Cabinet position in the Government of Singapore

The senior minister of Singapore (Note: Menteri Kanan Republik Singapura, 新加坡国务资政 (Xīnjiāpō Guówù Zī Zhèng), சிங்கப்பூர் மூத்த அமைச்சர்) is a high-ranking appointment within the Cabinet of Singapore. Established in 1985, the position has historically been occupied by former prime ministers or deputy prime ministers upon stepping down from their respective offices and occasionally very long tenured cabinet ministers. As of 2026, eight individuals have held the post, with all appointees being over the age of 60 at the time of their appointment.

The role does not typically carry a specific ministerial portfolio. Instead, senior ministers serve as elder statesmen within the government, oversee specialised national councils, and occasionally represent the country in international diplomacy. Among the executive branch officeholders in the order of precedence, the position ranks after the prime minister and the deputy prime minister. They also serve as part of the Prime Minister's Office (PMO) and work at the Istana.

==History and background==
S. Rajaratnam, Singapore's first Minister for Foreign Affairs, took on the newly created role of Senior Minister in 1985 before retiring in 1988. Prior to that, he served as Deputy Prime Minister between 1980 and 1985.
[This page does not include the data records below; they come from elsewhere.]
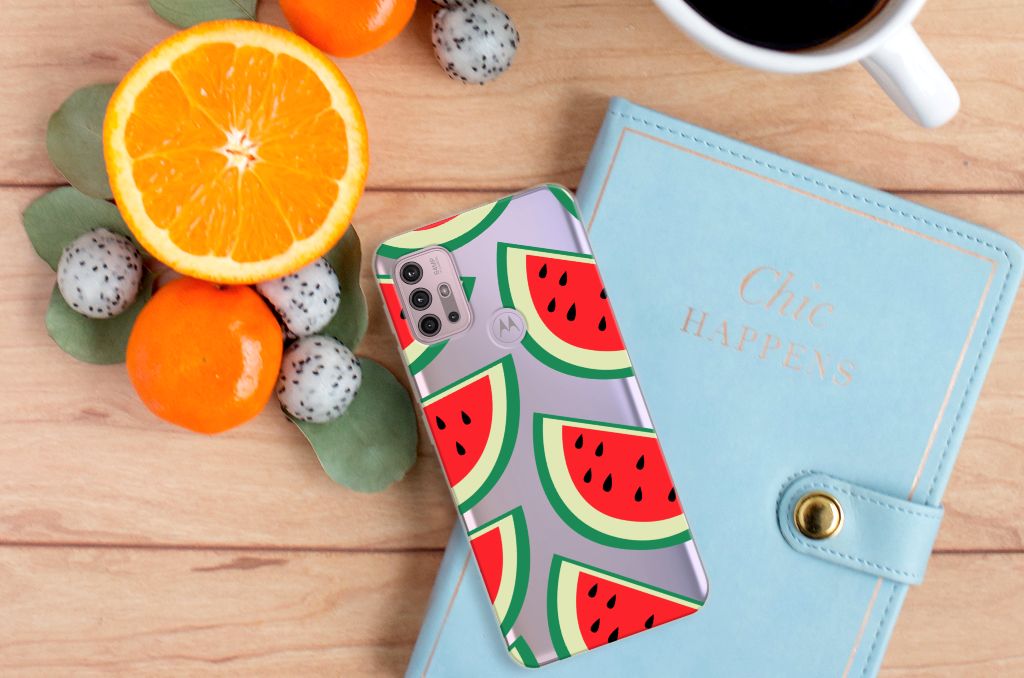 Watermeloenen zijn uitstekende dorstlessers, misschien dat je daarom juist in de zomermaanden extra enthousiast raakt van dit design hoesje Watermelons. Jij blijft gezond als je zo nu en dan een watermeloen neemt, jouw smartphone blijft in tact als je er deze Motorola Moto G30 | G10 Siliconen Case omheen doet. Deze tpu case wordt alleen aan de bovenkant bedrukt met watermeloenen is zeer flexibel. De randen van het hoesje blijven transparant. Je kunt ook kiezen voor andere soorten fruit op je hoesje. Kijk maar eens naar onze andere design hoesjes op onze website.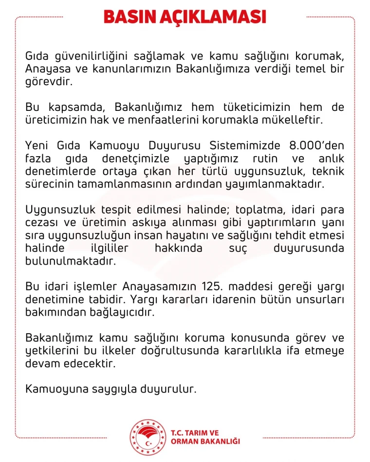 Tarım ve Orman Bakanlığı'nın sosyal medya hesaplarından sert bir açıklama yayınlandı. Bakanlık'tan yapılan açıklamada, "Gıda güvenilirliğini sağlamak ve kamu sağlığını korumak, Anayasa ve kanunlarımızın Bakanlığımıza verdiği temel bir görevdir. Bu kapsamda, Bakanlığımız hem tüketicimizin hem de Üreticimizin hak ve menfaatlerini korumakla mükelleftir. Yeni Gıda Kamuoyu Duyurusu Sistemimizde 8.000'den fazla gıda denetçimizle yaptığımız rutin ve anlık denetimlerde ortaya çıkan her türlü uygunsuzluk, teknik sürecinin tamamlanmasının ardından yayımlanmaktadır. Uygunsuzluk tespit edilmesi halinde; toplatma, idari para cezası ve üretimin askıya alınması gibi yaptırımların yanı sira uygunsuzluğun insan hayatını ve sağlığını tehdit etmesi halinde ilgililer hakkında suç duyurusunda bulunulmaktadır. Bu idari işlemler Anayasamızın 125. maddesi gereği yargı denetimine tabidir. Yargı kararları idarenin bütün unsurları bakımından bağlayıcıdır. Bakanlığımız kamu sağlığını koruma konusunda görev ve yetkilerini bu ilkeler doğrultusunda kararlılıkla ifa etmeye devam edecektir." denildi. Tarım ve Orman Bakanlığı'nın sosyal medya hesaplarından sert bir açıklama yayınlandı. Bakanlık'tan yapılan açıklamada, "Gıda güvenilirliğini sağlamak ve kamu sağlığını korumak, Anayasa ve kanunlarımızın Bakanlığımıza verdiği temel bir görevdir. Bu kapsamda, Bakanlığımız hem tüketicimizin hem de Üreticimizin hak ve menfaatlerini korumakla mükelleftir. Yeni Gıda Kamuoyu Duyurusu Sistemimizde 8.000'den fazla gıda denetçimizle yaptığımız rutin ve anlık denetimlerde ortaya çıkan her türlü uygunsuzluk, teknik sürecinin tamamlanmasının ardından yayımlanmaktadır. Uygunsuzluk tespit edilmesi halinde; toplatma, idari para cezası ve üretimin askıya alınması gibi yaptırımların yanı sıra uygunsuzluğun insan hayatını ve sağlığını tehdit etmesi halinde ilgililer hakkında suç duyurusunda bulunulmaktadır. Bu idari işlemler Anayasamızın 125. maddesi gereği yargı denetimine tabidir. Yargı kararları idarenin bütün unsurları bakımından bağlayıcıdır. Bakanlığımız kamu sağlığını koruma konusunda görev ve yetkilerini bu ilkeler doğrultusunda kararlılıkla ifa etmeye devam edecektir." denildi.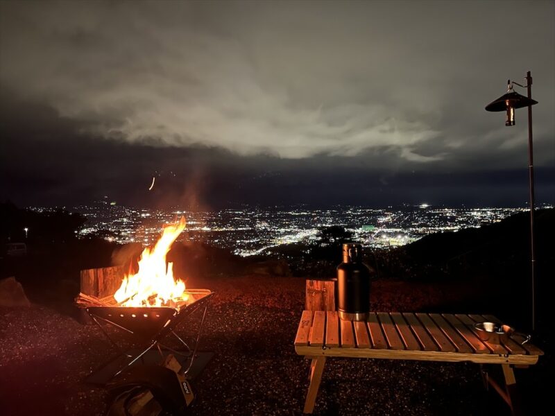 お天気は夜まで続き夜景と焚火を楽しみ贅沢なひとときを過ごしました!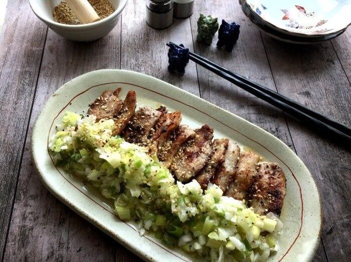 焼いた肉を器に盛り付けネギソースをたっぷり添え軽く擦った白ゴマとコショウを
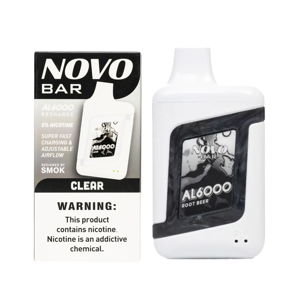 The Novo Bar AL6000 is a rechargeable device by SMOK featuring a Mesh Coil and Adjustable Airflow. Every Novo Bar AL6000 features 13ml of e-liquid, good for up to 6,000 puffs, and is rechargeable via USB Type-C Charging Cable. SMOK has been a long-standing brand in devices, coils, and pod systems, so it's no surprise that the quality of the Novo AL6000 shines.

Lee Kuan Yew, Singapore's first Prime Minister, was appointed as Senior Minister in 1990, after being succeeded by Goh Chok Tong as prime minister. He was ranked second in the order of precedence, superseding the incumbent Deputy Prime Ministers Lee Hsien Loong and Ong Teng Cheong. Goh was appointed Senior Minister in 2004 after handing over the office of Prime Minister to Lee Hsien Loong. As Senior Minister, he was ranked second in the order of precedence, while Lee Kuan Yew, who was appointed as Minister Mentor, ranked third in the order of precedence.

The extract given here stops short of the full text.